I just made a proposal for the new API structure. For now, it is structured as a standalone that processes documents using spaCy and lateron infers knowledge based on the pre-processed docs. However, I can also see it being set-up as a fully integrated spaCy pipeline component but this would require rewriting the code a bit more.

Note that the current set-up only works for Gender, however, we need to iterative over it a bit.

from disaggregators import Disaggregator

text = ["She, the woman, went to the park."]

disaggregator = Disaggregator("gender", language="en_core_web_md")

doc = disaggregator(text[0])
print(doc.spans["sc"])
print(doc.cats)
docs = disaggregator.pipe(text)

new features:

things to consider:

NimaBoscarino commented 1 year ago

Awesome, thank you so much for this! Jotting a couple thoughts down here:

I have some more thoughts which I'll write up soon – thanks again for doing this!!! 🤗

davidberenstein1957 commented 1 year ago

Hi, thanks for the input! I will re-write the code a bit during this week.

Since not all DisaggregationModules will be built with spaCy, I think it would make sense to make something like a SpacyDisaggregationModule that subclasses DisaggregationModule, to encapsulate the spaCy-specific API, and that could make the Gender disaggregator simpler.

I assumed that we also wanted to optimize for speed, and reducing the dependency overhead so I opted for using spacy as a default tokenizer and pre-processor (not having to do this for each document for each potential module). For now, I will assume that flexibility and adaptability go over speed and efficiency.

The language param should probably live inside of the DisaggregationModuleConfig (or even something like SpacyDisaggregationModuleConfig), and should ideally not be passed through the DisaggregationModuleFactory's create_module, since it wouldn't be relevant for non-spaCy disaggregators.

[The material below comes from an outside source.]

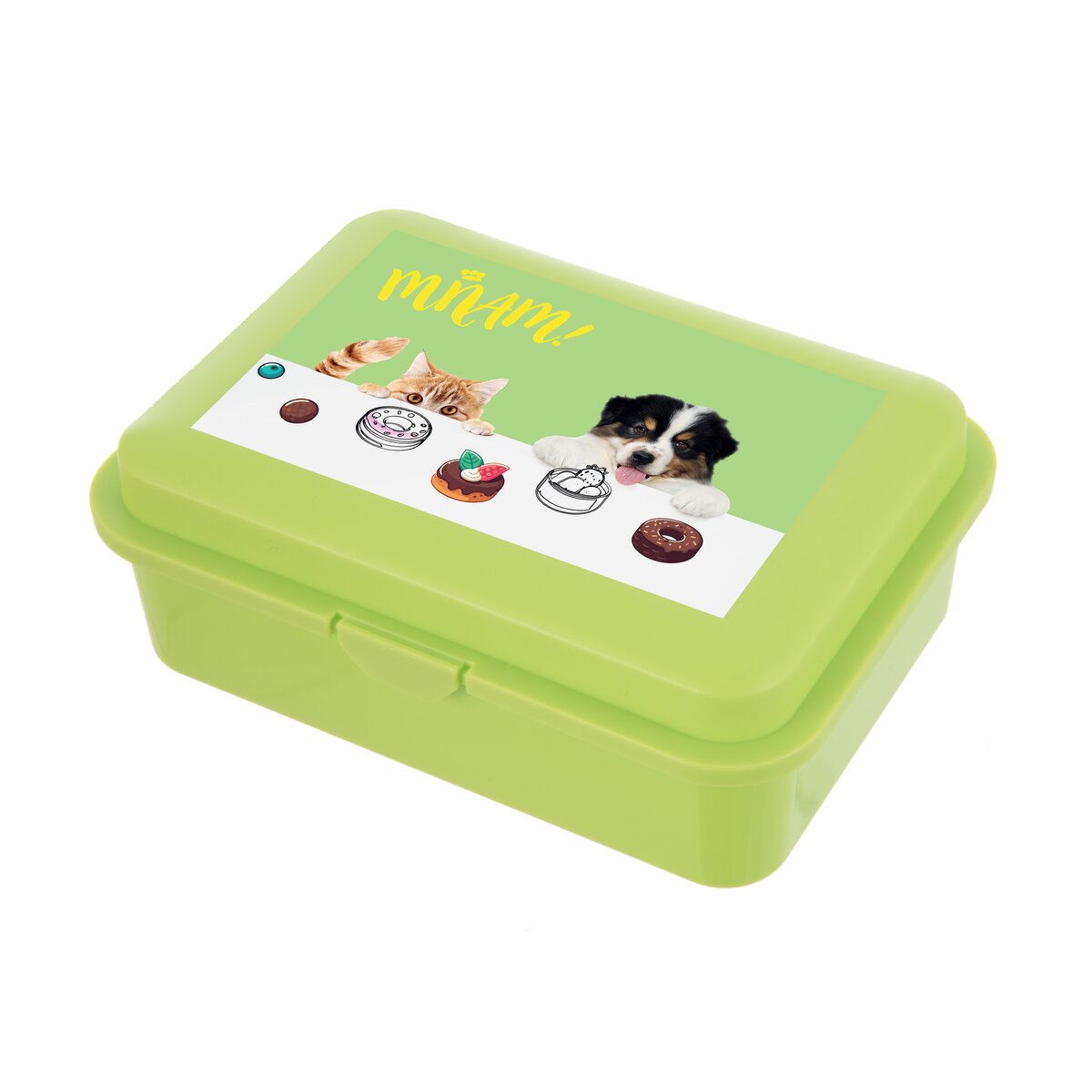 Je vyrobený z kvalitného plastu PP. Malých stravníkov zaiste zaujme farebná potlač na viečku. To možno psík s mačičkou varili tortu. Alebo niečo iné, ukryté v boxe, stačí ho len otvoriť a pochutnať si na desiate. Veko má navyše uzatváranie na pracku.
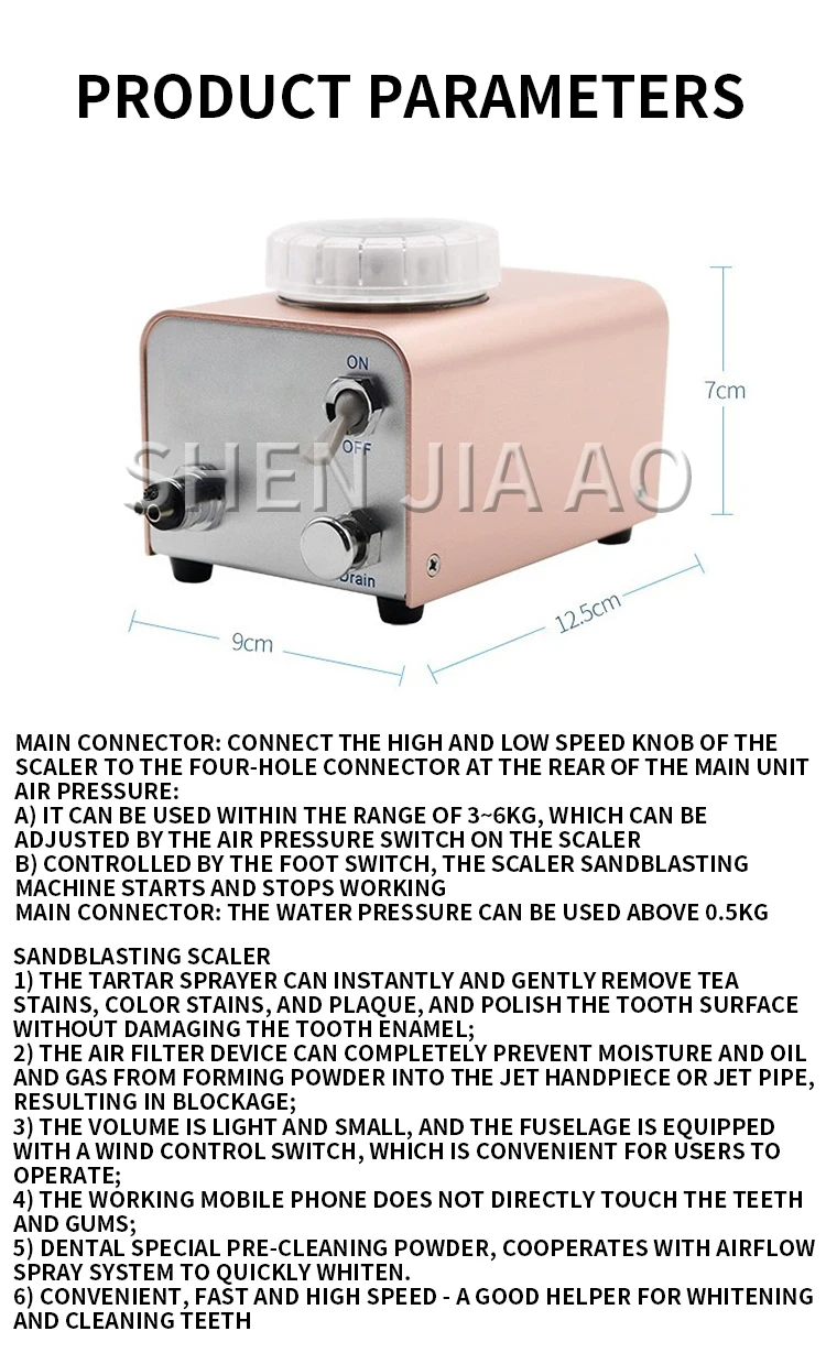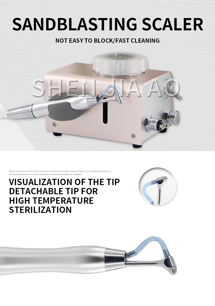1) The tartar sprayer can instantly and gently remove tea stains, color stains, and plaque, and polish the tooth surface without damaging the tooth enamel;

I wanted to re-use this language param whenever possible while still allowing for using custom language configs per module.

What does sc stand for?

This is a spacy specific thing for handling overlapping spans, which enables direct visualization with display.

To keep the output for each disaggregator simple + easy to work with, IMO all modules should return something in the form of a dict with keys of : True/False. So for additional contextual info (e.g doc.spans["sc"]) I think it would be good to have that as a secondary return value, e.g. maybe SpacyDisaggregationModules can return a Tuple with something like: ResultDict, ResultContext.

I agree with this. However, I limited the generalizability due to wanting to wrap the modules within the spaCy eco-system, but as mentioned I will re-factor the code to allow for more flexibility.